■ **EXERCISE INPUTS**:
--- START ---

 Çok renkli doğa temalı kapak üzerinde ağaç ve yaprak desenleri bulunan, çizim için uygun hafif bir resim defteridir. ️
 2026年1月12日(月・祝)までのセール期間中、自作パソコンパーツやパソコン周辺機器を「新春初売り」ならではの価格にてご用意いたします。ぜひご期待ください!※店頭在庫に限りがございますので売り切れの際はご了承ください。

--- END ---
--- START ---

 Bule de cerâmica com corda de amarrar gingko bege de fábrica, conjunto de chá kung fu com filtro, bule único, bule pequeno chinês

--- END ---

■ **WHAT YOU WILL DO**: Using the records above, write out exactly the lines between the one holding "Çok renkli doğa" and the one holding "2026年1月12日(月・祝", inclusive; leave everything else out.

■ **TASK ANSWER**:
 Çok renkli doğa temalı kapak üzerinde ağaç ve yaprak desenleri bulunan, çizim için uygun hafif bir resim defteridir. ️
 2026年1月12日(月・祝)までのセール期間中、自作パソコンパーツやパソコン周辺機器を「新春初売り」ならではの価格にてご用意いたします。ぜひご期待ください!※店頭在庫に限りがございますので売り切れの際はご了承ください。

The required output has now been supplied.